Interspersed throughout the chapters you’ll find a few Cisco Packet Tracer activities. Packet Tracer allows you to create networks, visualize how packets flow in the network, and use basic testing tools to determine whether the network would work. When you see this icon, you can use Packet Tracer with the listed file to perform a task suggested in this book. The activity files are available in the course. Packet Tracer software is available only through the Cisco Networking Academy website. Ask your instructor for access to Packet Tracer.

• Chapter 1, “Cybersecurity and the Security Operations Center”: This chapter examines why networks and data are attacked and how to prepare for a career in cybersecurity operations.

• Chapter 2, “Windows Operating System”: This chapter discusses the features and characteristics of the Windows operating system, including its operation and how to secure Windows endpoints.

• Chapter 3, “Linux Operating System”: This chapter discusses the features and characteristics of the Linux operating system, including basic operation in the Linux shell, basic administrative tasks, and basic security-related tasks on a Linux host.

• Chapter 4, “Network Protocols and Services”: This chapter discusses the operation of network protocols and services, including network operations, Ethernet and IP, common testing utilities, address resolution, transport functionality, and applications that provide network services.

• Chapter 5, “Network Infrastructure”: This chapter discusses network infrastructure, including wired and wireless networks, network security devices, and network topologies.

• Chapter 6, “Principles of Network Security”: This chapter discusses the various types of network attacks, including how networks are attacked and the various types of threats and attacks.

• Chapter 7, “Network Attacks: A Deeper Look”: This chapter dives deeper into network attacks, including how to identify attacks using network monitoring tools. Also, the vulnerabilities of TCP/IP and network applications are discussed.

• Chapter 8, “Protecting the Network”: This chapter discusses methods to prevent malicious access to networks, hosts, and data, including approaches to network security defense, access control methods, and using various intelligence sources to locate current security threats.

• Chapter 9, “Cryptography and the Public Key Infrastructure”: This chapter discusses the impact of cryptography on network security monitoring, including tools to encrypt and decrypt data and the public key infrastructure (PKI).

• Chapter 10, “Endpoint Security and Analysis”: This chapter discusses how to investigate endpoint vulnerabilities and attacks, including malware analysis and endpoint vulnerability assessment.

• Chapter 11, “Security Monitoring”: This chapter discusses how to identify network security alerts, including how network security technologies affect security monitoring and the type of log files used in security monitoring.

• Chapter 12, “Intrusion Data Analysis”: This chapter discusses how to analyze network intrusion data to verify potential exploits, including the process of evaluating alerts, determining the source of an alert, and the handling of evidence to ensure proper attack attribution.

• Chapter 13, “Incident Response and Handling”: This chapter discusses how to apply incident response models to manage security incidents.

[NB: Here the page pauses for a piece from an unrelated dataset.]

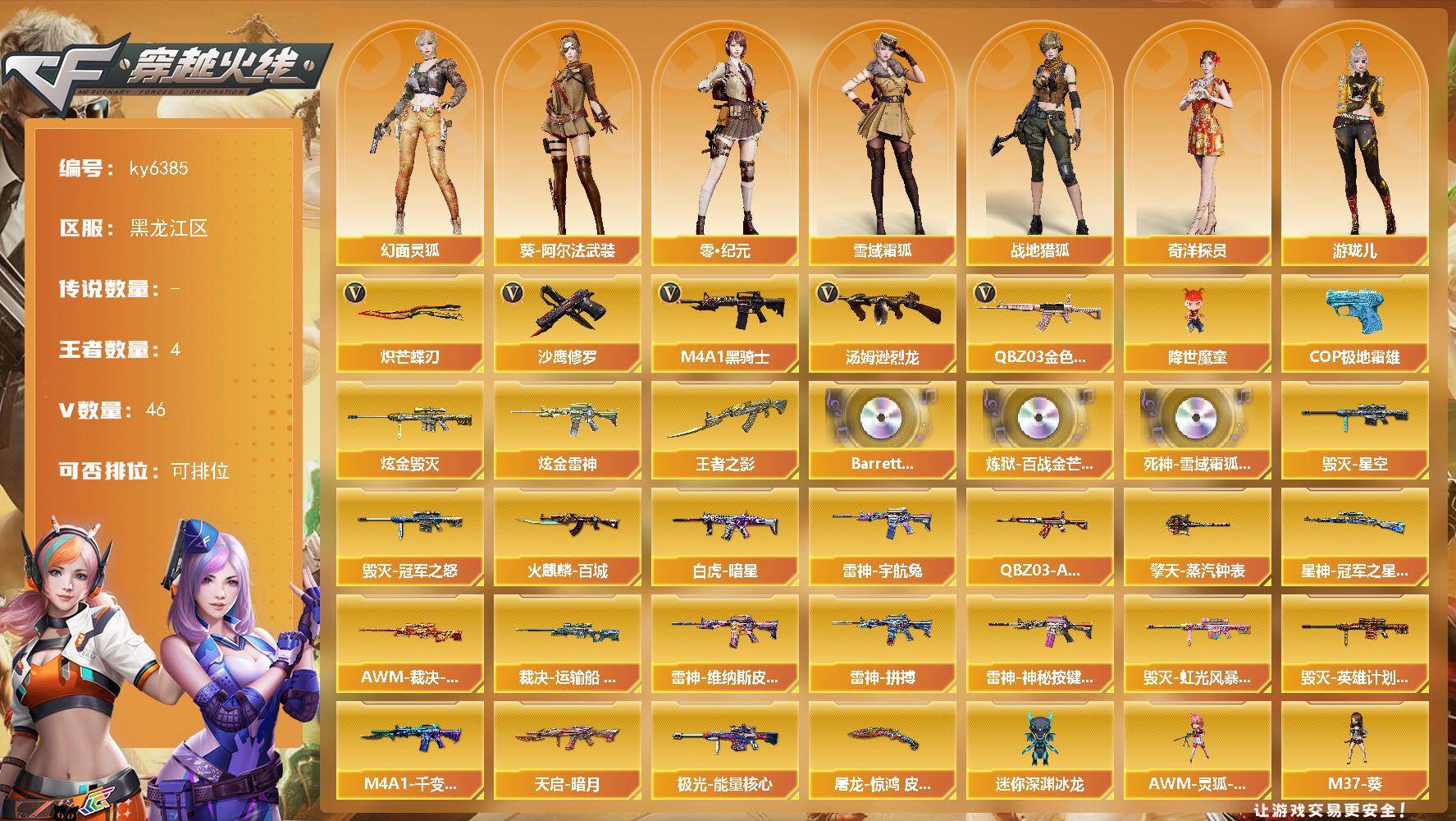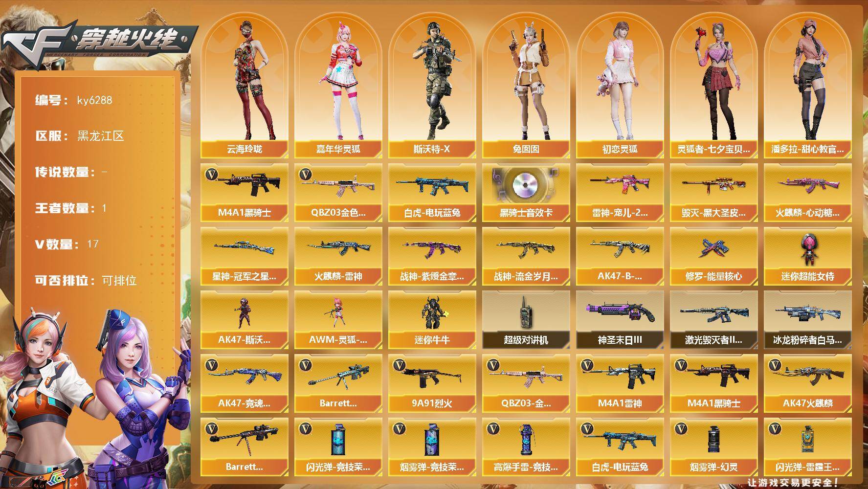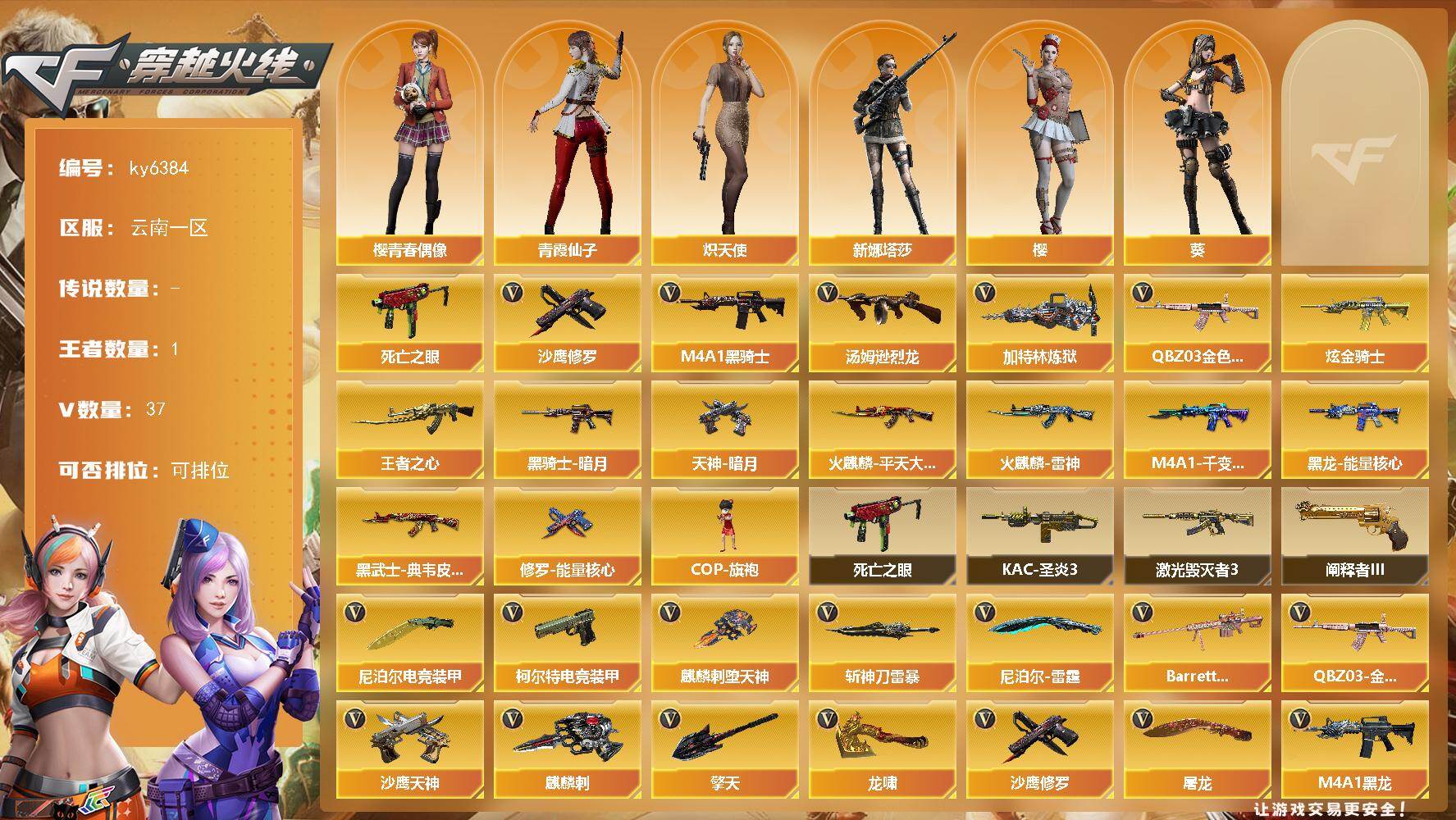 PX_2548705-37V-1王者武器数-1炫金武器数 【热门武器】:QBZ03-金色蔷薇,死亡之眼,M4A1-黑骑士,汤姆逊-烈龙,加特林-炼狱,沙鹰-修罗 【王者炫金武器】:王者之心,炫金骑士 【皮肤】:火麒麟-雷神,火麒麟-平天大圣,M4A1-千变-孔明皮肤,黑龙-能量核心,黑骑士-暗月,黑武士-典韦皮肤,修罗-能量核心,天神-暗月 【角色】:葵,樱,炽天使,青霞仙子,新娜塔莎,樱-青春偶像 【人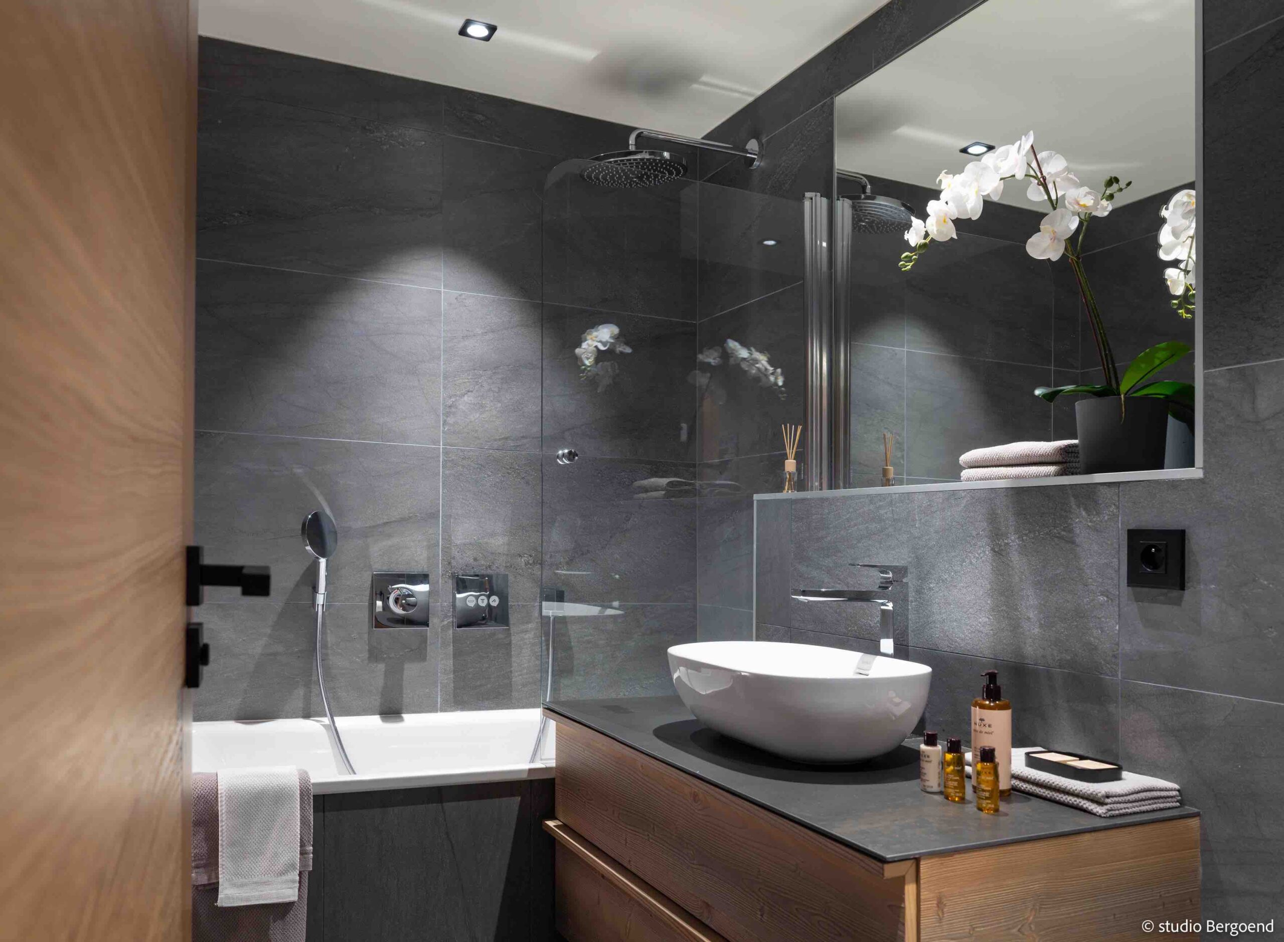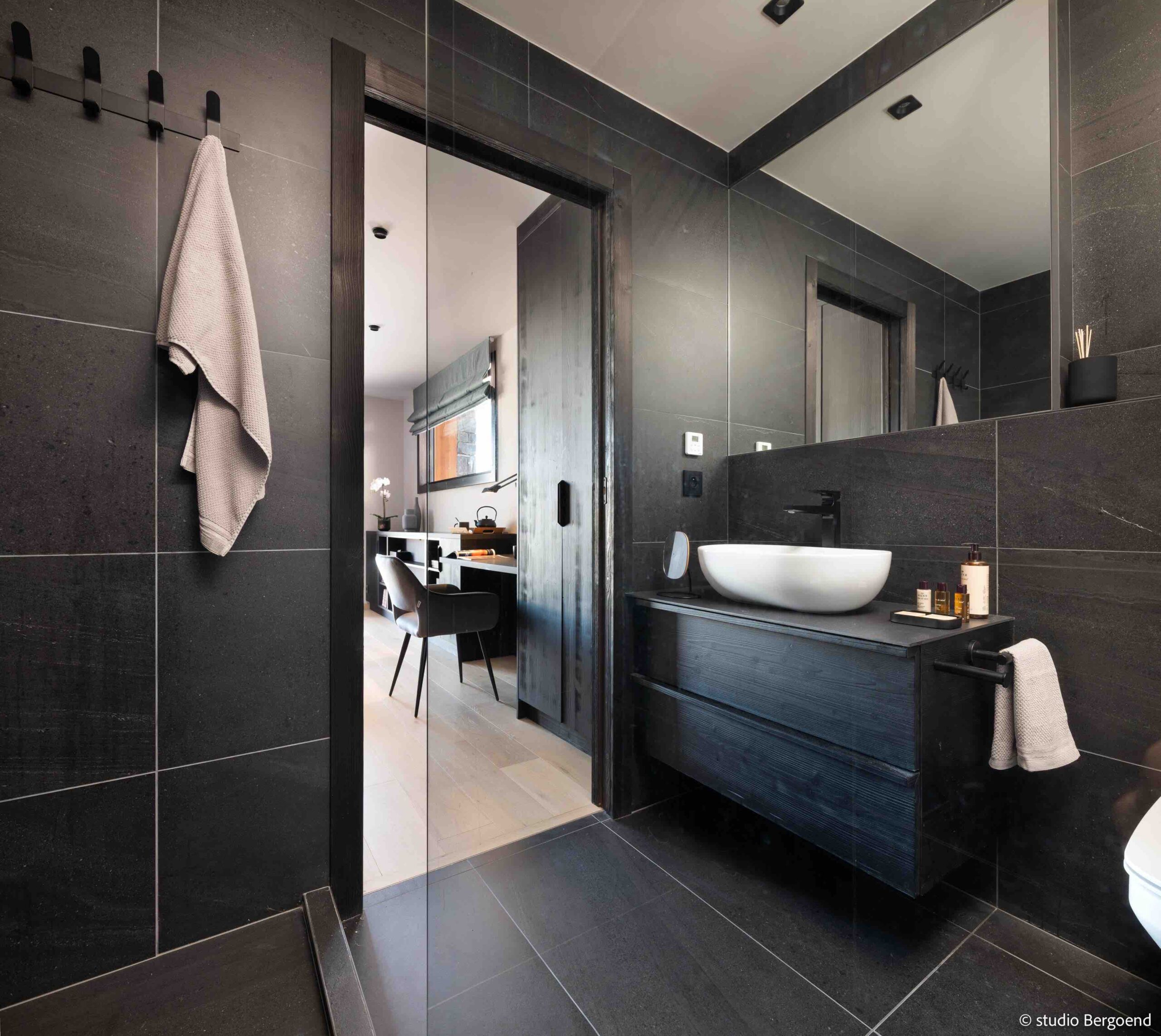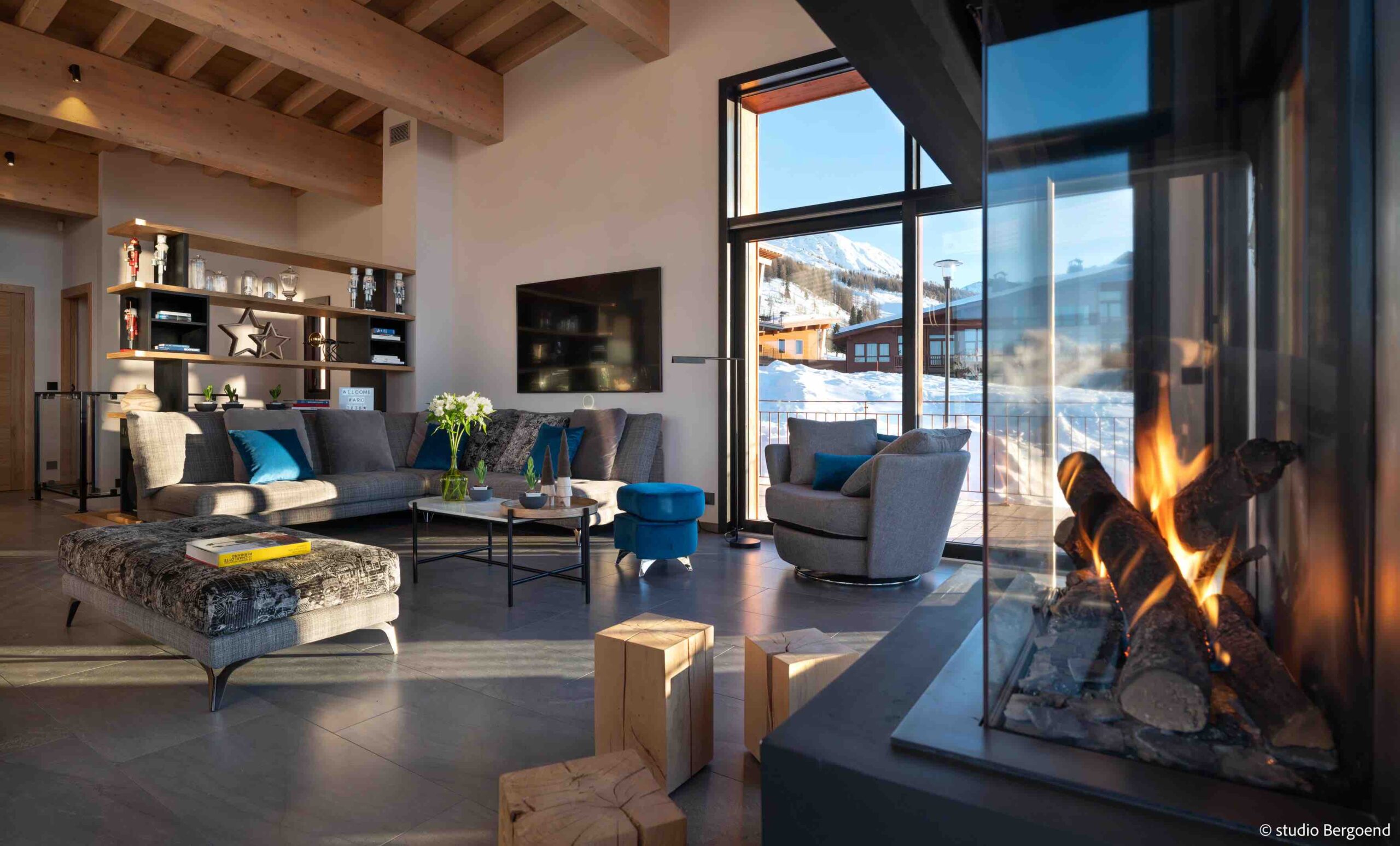 The heart of the chalet is its expansive living space, where floor-to-ceiling windows draw the mountains right into the room. Whether you’re gathering around the fireplace after a day outdoors or sharing long dinners at the dining table, the space is designed for effortless togetherness. Clean lines, bespoke furnishings and subtle alpine touches give the interiors a calm, understated elegance.

Response models include the Cyber Kill Chain, the Diamond Model of intrusion, the VERIS schema, and NIST 800-61r2 standards.

• Appendix A, “Answers to the ‘Check Your Understanding’ Questions”: This appendix lists the answers to the “Check Your Understanding” review questions that are included at the end of each chapter.

• Glossary: The Glossary provides you with definitions for all the key terms identified in each chapter.